Z wzajemnego oświetlania się tych kontekstów rodzi się metatekstowy komentarz dotyczący kulturowego uwikłania opowieści o malarstwie snutej w Ogrodzie rozkoszy ziemskich, czy jak byśmy powiedzieli, posługując się pojęciem Wolfganga Welscha, transkulturowego przenikania się różnych znaków i treści kulturowych zarówno w układzie synchronicznym, jak i diachronicznym. Claudia przekraczała metodę Panofsky’ego, poszukując oprócz naukowej faktografii także wiedzy wynikającej z indywidualnego odbioru, ale również podkreślając rolę bezpośredniego doświadczenia; Majewski na podobnej zasadzie pozwala widzowi eksplorować wątki przez niego podsunięte.
Ostatnim elementem, na który chciałam zwrócić szczególną uwagę, są stricte estetyczne, intermedialne poszukiwania i transpozycje między obrazem filmowym a malarskim. Majewski niejako sugeruje, by analiza obrazu filmowego dokonywała się poprzez wydobywanie swoistej tekstury filmowych wizerunków, zależnej od technologicznego opracowania i użycia (obrazy rzutowane z projektora jako snop światła, monitor komputera czy ekran telewizora zmieniający obrazy w świecące piksele). Gdy Chris kontempluje obrazy cyfrowe, na których zarejestrował twarz partnerki, kiedy zwalnia je i zatrzymuje, mamy wrażenie, że reżyser-malarz podkreśla intermedialne przejście „od pigmentu do interfejsu”: Obraz cyfrowy stanowi pierwszą generację obrazu w pełni (…) transformowanego, bo złożonego z fizycznych cząstek dyskretnych – owych atomów obrazowych, jakimi są piksele.
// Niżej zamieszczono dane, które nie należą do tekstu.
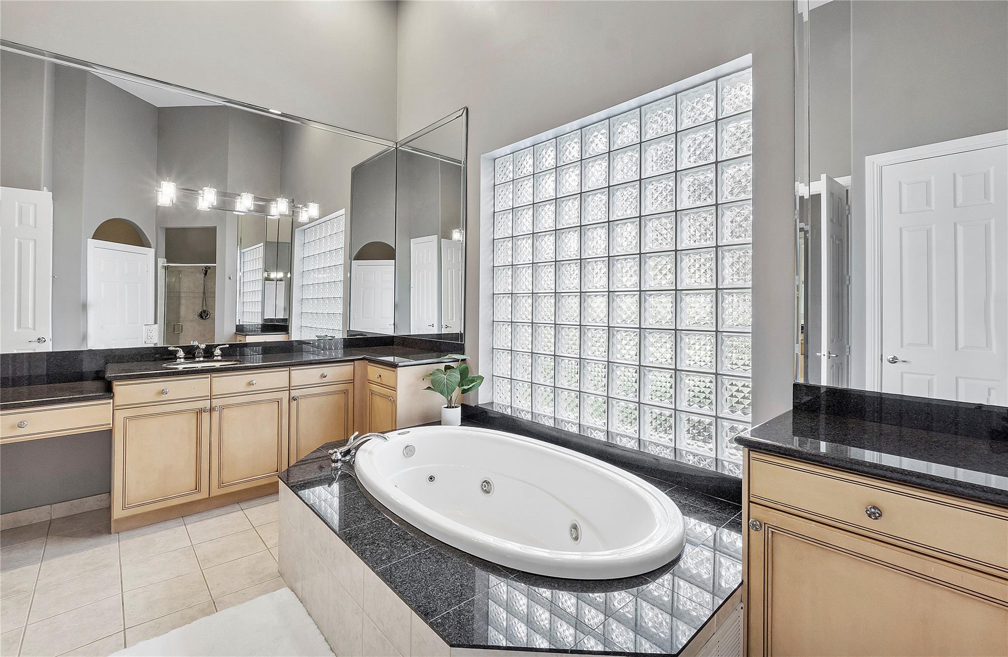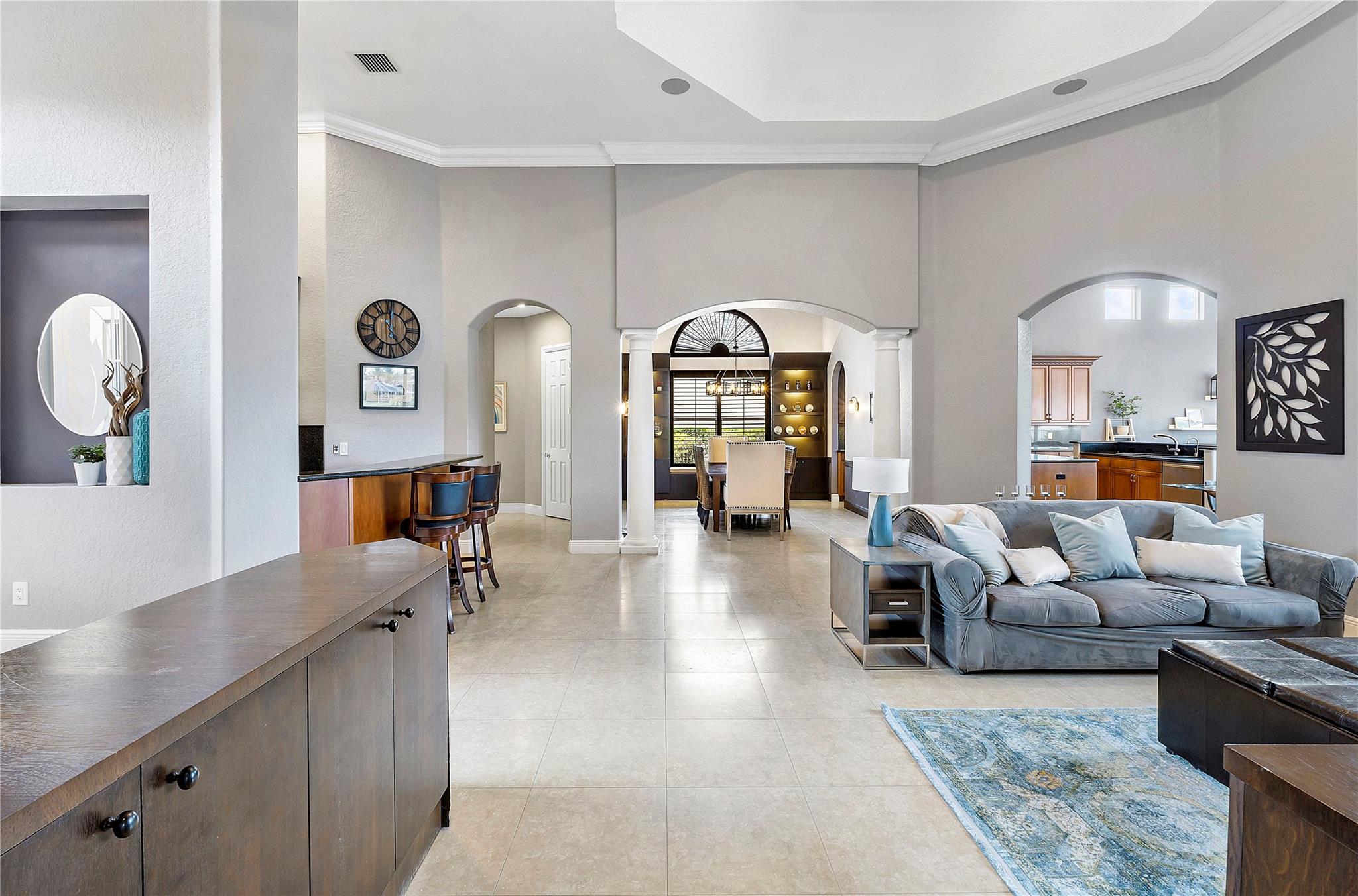 ONE STORY, 5 BEDROOM + 4.5 BATHS + 3 CAR GARAGE W/OVERSIZE DRIVEWAY. NICE YARD W/ POOL & LAKE VIEWS. NEW FIXTURES & FANS THROUGHOUT, FRESHLY PAINTED INTERIOR, KITCHEN W/ WOOD CABINETS & GRANITE COUNTER TOPS, CUSTOM ELECTRIC WINDOW TREATMENTS, 7.1 SURROUND SOUND, NEW LED LIGHTING & BUILT-N BAR AREA. SPACIOUS FAMILY ROOM. CROWN MOLDING & TRAY CEILINGS THROUGHOUT . LARGE MASTER BEDROOM W/ BRAND NEW LUXURY VINYL FLOORS & 2 WALK INS. LUSH LANDSCAPING, LEVEL 2 EV CHARGE PLUG IN GARAGE & COURTYARD ENTRY. THE FALLS OF HERON BAY HAS A DOUBLE GATED ENTRY - ENJOY ALL OF THE AMENITIES OF HERON BAY INCLUDING CLUBHOUSES, GYMS, TENNIS, RESORT STYLE POOLS, VOLLEYBALL, KIDS SPLASH AREA & MORE!
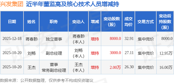 证券之星消息,根据12月19日市场公开信息、上市公司公告及交易所披露数据整理,兴发集团(600141)最新董监高及相关人员股份变动情况:2025年12月18日公司独立董事蒋春黔共增持公司股份8000.0股,占公司总股本为0.0007%。变动期间公司股价上涨1.96%,12月18日当日收盘报32.78元。

Możliwość manipulowania nimi, pełna dostępność i dyspozycyjność każdego piksela wobec transformacji stanowią o tym, co w obrazowości elektronicznej (przede wszystkim cyfrowej) pozwala dostrzec rodzaj dresingu właśnie, zastępującego pędzel i pigmenty malarza elektronicznym „kino-pędzlem”[31].
Zgodnie z powyższą konstatacją Andrzeja Gwoździa to właśnie łatwość transformacji obrazów elektronicznych oraz światło jako podstawowe tworzywo immaterializacji praktyk przedstawieniowych[32] zostały wyeksponowane przez Majewskiego. Reżyser z premedytacją buduje także obrazy hybrydowe[33], eksponuje nakładanie się wizerunków na siebie poprzez odbicia w szybach wystawowych, wyświetlanie obrazów na obrazach, semantyczne nałożenia warstw wizualnych na audialne, ale pochodzące z innego porządku czasowego. Manipuluje kolorem, ostrością, zbliżeniami, które potrafią pozbawić obraz czytelności i zamienić ciała bohaterów w rozmazane, ledwo widoczne plamy.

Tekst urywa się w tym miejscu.